+++ Extracted data +++
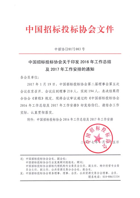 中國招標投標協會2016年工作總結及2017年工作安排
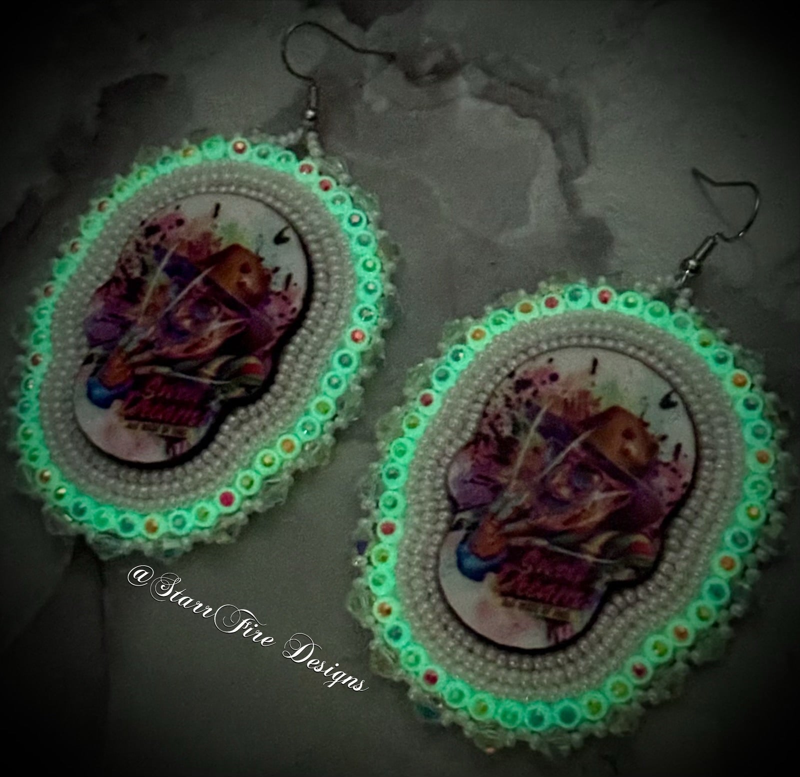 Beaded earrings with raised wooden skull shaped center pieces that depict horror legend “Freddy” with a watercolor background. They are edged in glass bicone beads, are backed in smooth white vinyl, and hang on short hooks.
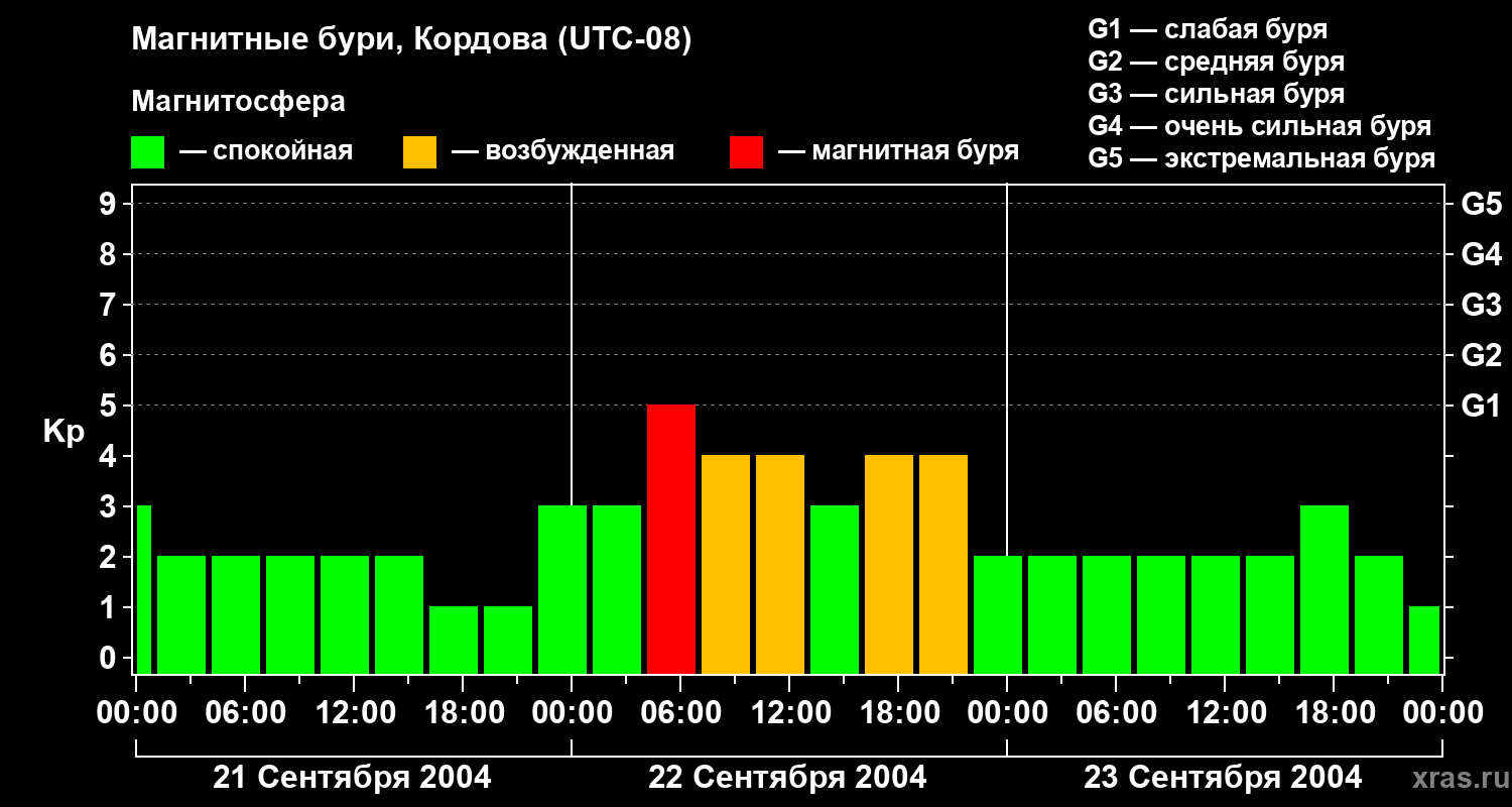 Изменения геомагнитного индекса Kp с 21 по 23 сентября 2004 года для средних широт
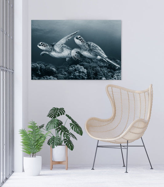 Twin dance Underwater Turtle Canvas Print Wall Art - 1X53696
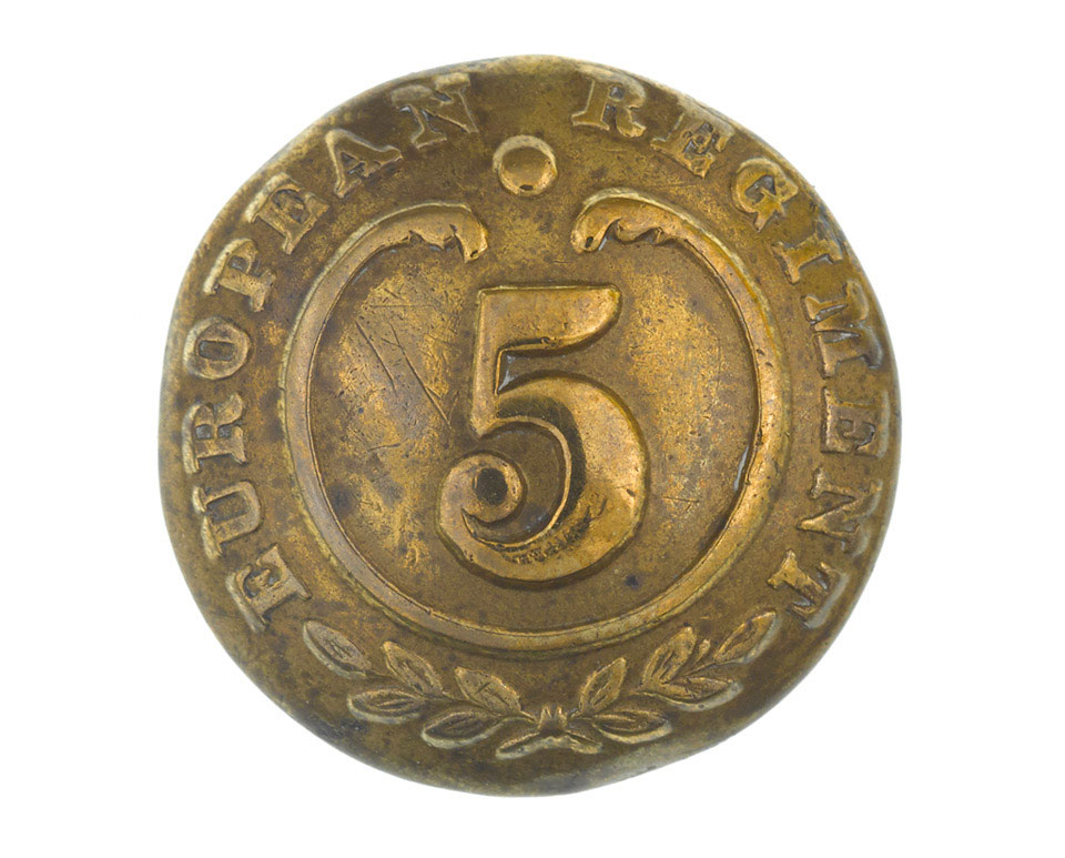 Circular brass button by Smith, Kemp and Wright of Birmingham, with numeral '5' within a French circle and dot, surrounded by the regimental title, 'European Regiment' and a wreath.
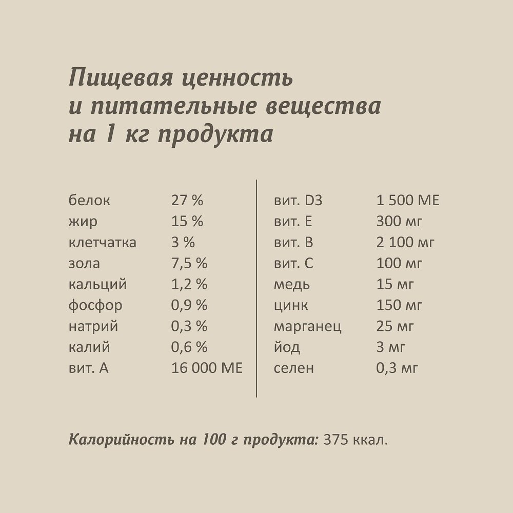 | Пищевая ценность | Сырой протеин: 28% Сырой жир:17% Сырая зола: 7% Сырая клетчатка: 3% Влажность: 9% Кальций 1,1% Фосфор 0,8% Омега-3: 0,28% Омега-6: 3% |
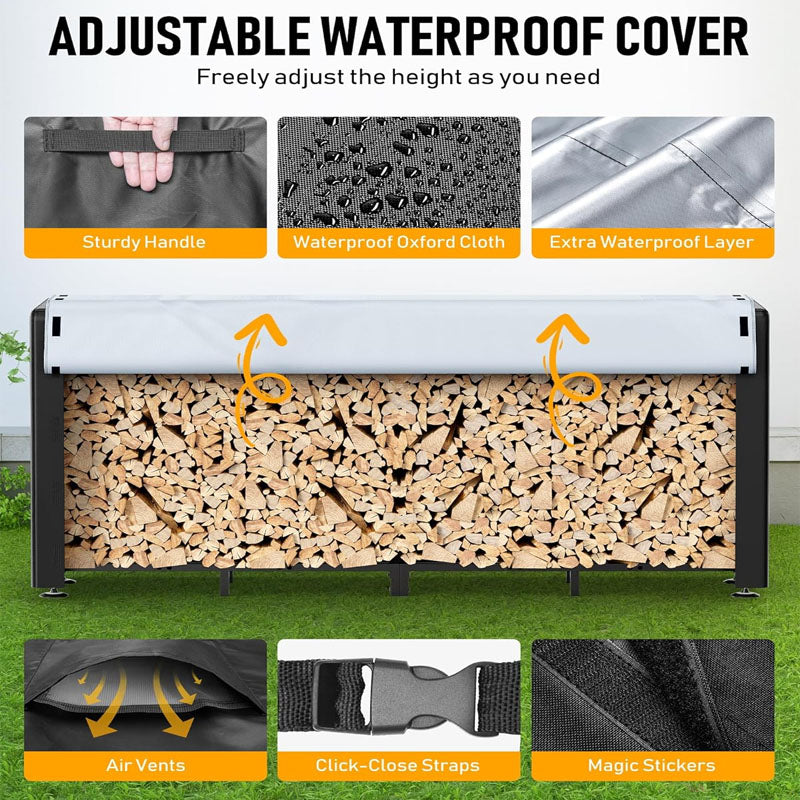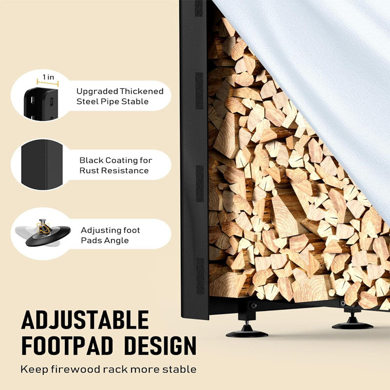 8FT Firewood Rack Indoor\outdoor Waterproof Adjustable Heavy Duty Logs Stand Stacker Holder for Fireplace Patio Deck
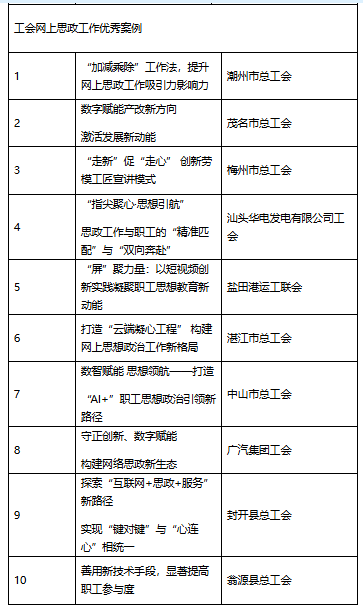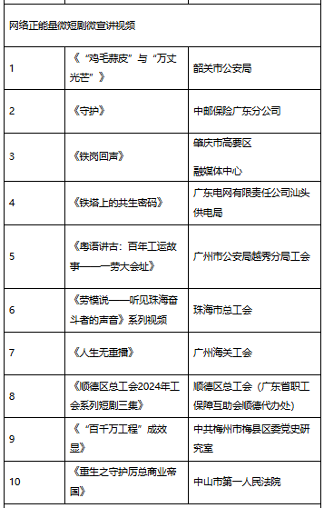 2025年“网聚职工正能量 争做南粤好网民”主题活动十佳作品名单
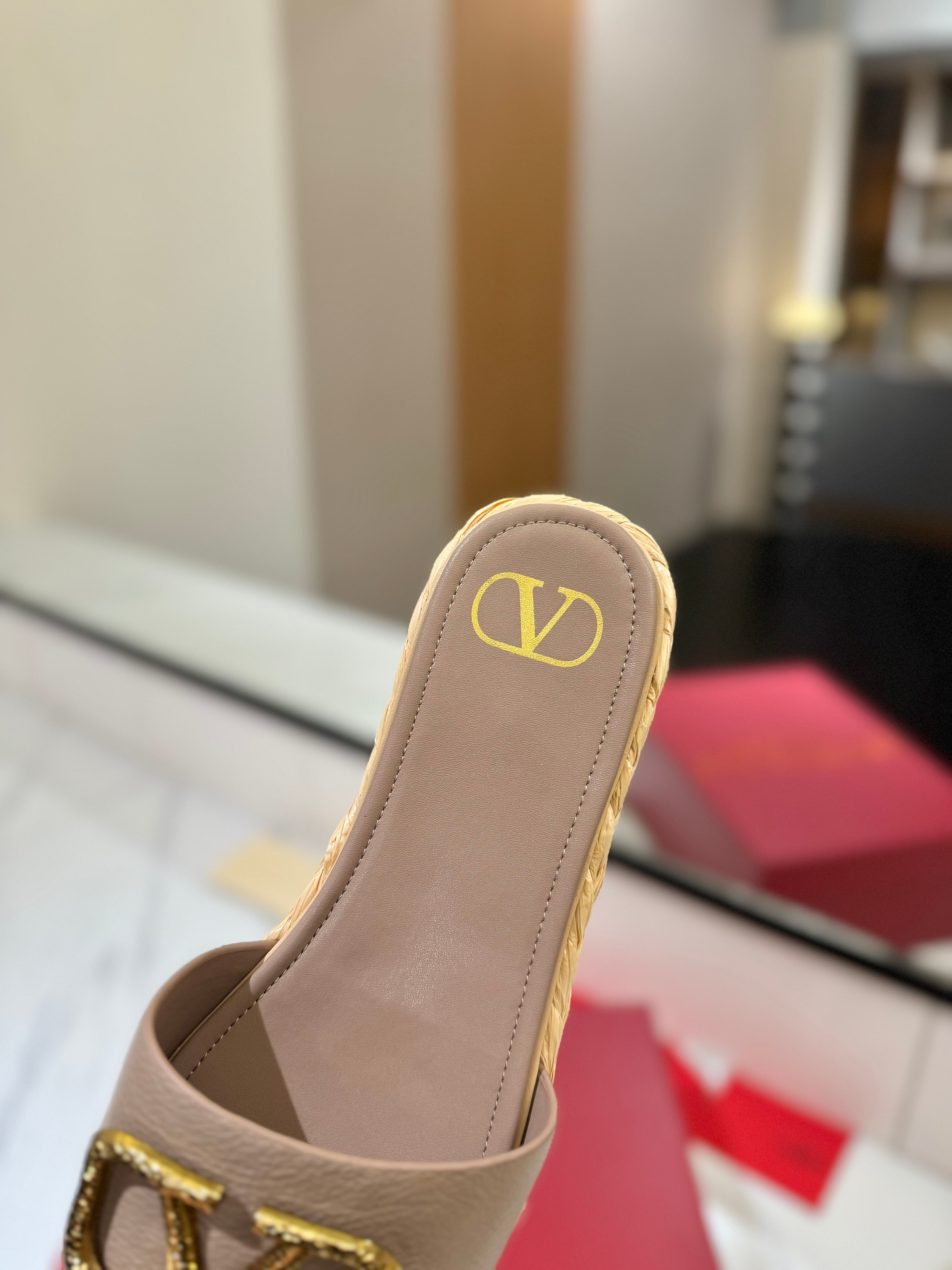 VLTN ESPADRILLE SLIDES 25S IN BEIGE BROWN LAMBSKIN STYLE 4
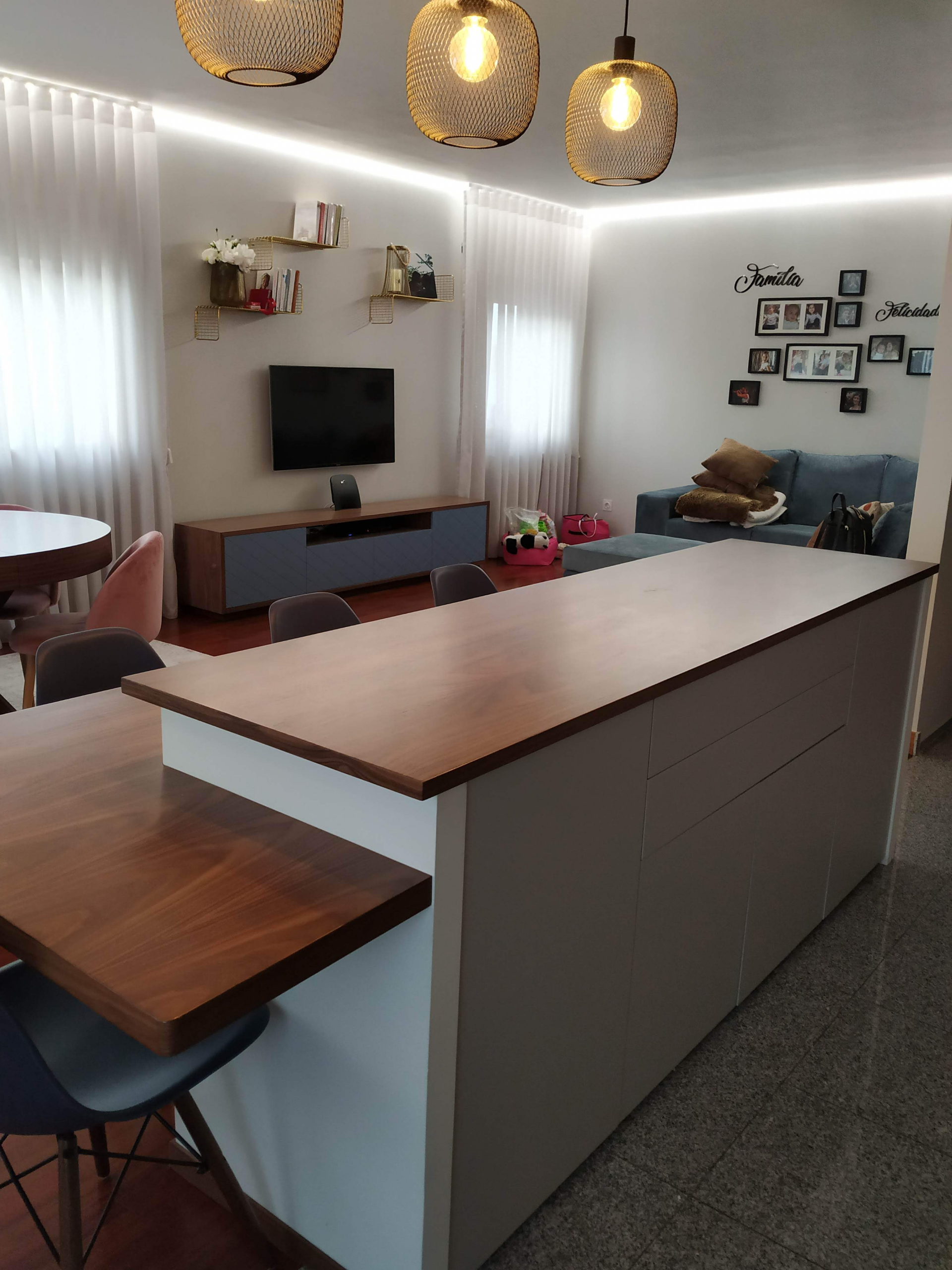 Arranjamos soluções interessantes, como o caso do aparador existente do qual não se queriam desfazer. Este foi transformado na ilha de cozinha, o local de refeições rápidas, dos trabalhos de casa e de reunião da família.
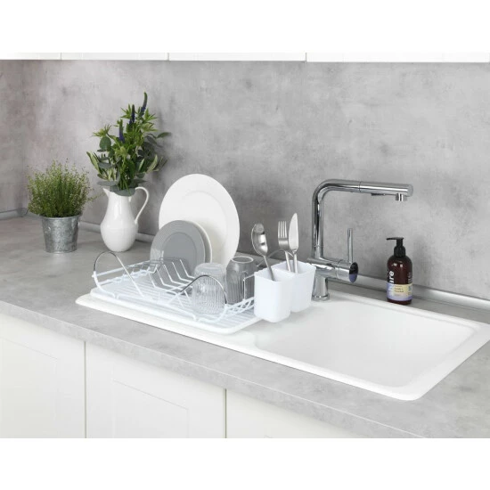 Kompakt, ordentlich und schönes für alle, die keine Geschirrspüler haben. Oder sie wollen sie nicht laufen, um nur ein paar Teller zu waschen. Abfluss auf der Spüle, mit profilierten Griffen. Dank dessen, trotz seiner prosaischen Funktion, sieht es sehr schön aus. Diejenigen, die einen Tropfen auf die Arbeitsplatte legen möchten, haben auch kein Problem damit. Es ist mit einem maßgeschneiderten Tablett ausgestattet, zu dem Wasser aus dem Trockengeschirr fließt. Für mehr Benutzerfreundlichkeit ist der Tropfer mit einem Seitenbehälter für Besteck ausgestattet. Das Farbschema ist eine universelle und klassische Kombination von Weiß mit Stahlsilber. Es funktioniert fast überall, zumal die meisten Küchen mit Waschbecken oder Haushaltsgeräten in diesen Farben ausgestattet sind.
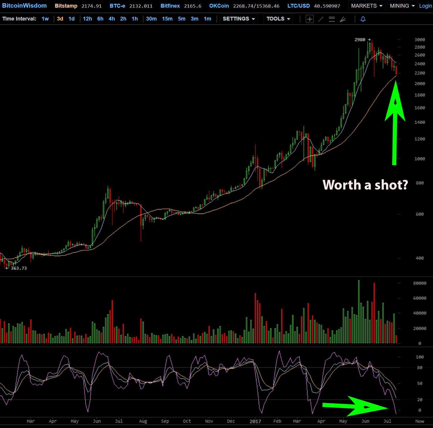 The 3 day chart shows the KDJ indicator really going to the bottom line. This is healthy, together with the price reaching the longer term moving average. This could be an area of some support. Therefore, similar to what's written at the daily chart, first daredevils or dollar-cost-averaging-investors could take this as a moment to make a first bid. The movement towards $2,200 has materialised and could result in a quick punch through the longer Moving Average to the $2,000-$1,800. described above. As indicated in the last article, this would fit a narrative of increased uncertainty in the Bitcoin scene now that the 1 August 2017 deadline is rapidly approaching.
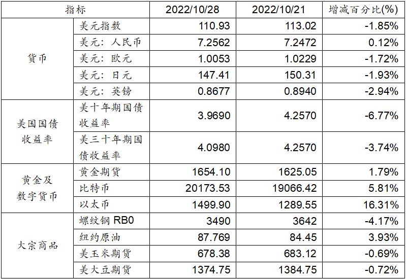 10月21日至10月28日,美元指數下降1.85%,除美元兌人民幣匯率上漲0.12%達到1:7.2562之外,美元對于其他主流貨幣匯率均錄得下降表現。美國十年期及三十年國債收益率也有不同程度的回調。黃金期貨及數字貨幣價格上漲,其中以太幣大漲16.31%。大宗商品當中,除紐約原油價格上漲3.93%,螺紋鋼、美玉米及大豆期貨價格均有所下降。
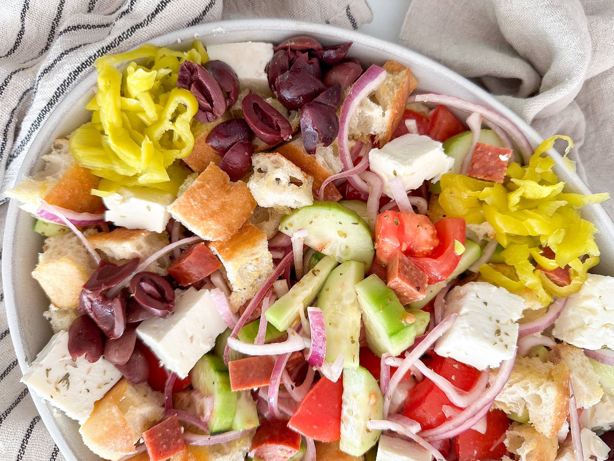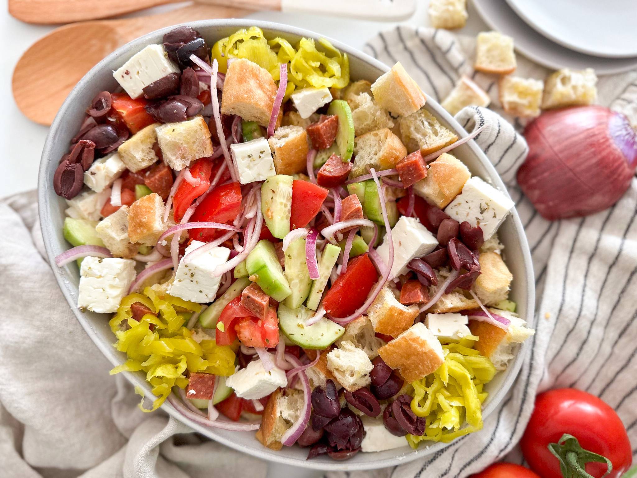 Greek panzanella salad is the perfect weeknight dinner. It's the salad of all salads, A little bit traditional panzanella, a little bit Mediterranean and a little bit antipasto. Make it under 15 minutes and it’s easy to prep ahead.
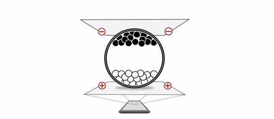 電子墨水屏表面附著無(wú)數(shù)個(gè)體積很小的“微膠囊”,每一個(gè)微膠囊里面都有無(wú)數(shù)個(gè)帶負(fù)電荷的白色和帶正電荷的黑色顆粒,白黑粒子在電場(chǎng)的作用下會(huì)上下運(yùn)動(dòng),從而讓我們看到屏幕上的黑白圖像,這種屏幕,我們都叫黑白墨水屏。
+++
Go to the line containing "Greek panzanella salad", then write out word for word every line from there to the end of the listing. Keep both end lines and drop the pictures.

 Greek panzanella salad is the perfect weeknight dinner. It's the salad of all salads, A little bit traditional panzanella, a little bit Mediterranean and a little bit antipasto. Make it under 15 minutes and it’s easy to prep ahead.
 電子墨水屏表面附著無(wú)數(shù)個(gè)體積很小的“微膠囊”,每一個(gè)微膠囊里面都有無(wú)數(shù)個(gè)帶負(fù)電荷的白色和帶正電荷的黑色顆粒,白黑粒子在電場(chǎng)的作用下會(huì)上下運(yùn)動(dòng),從而讓我們看到屏幕上的黑白圖像,這種屏幕,我們都叫黑白墨水屏。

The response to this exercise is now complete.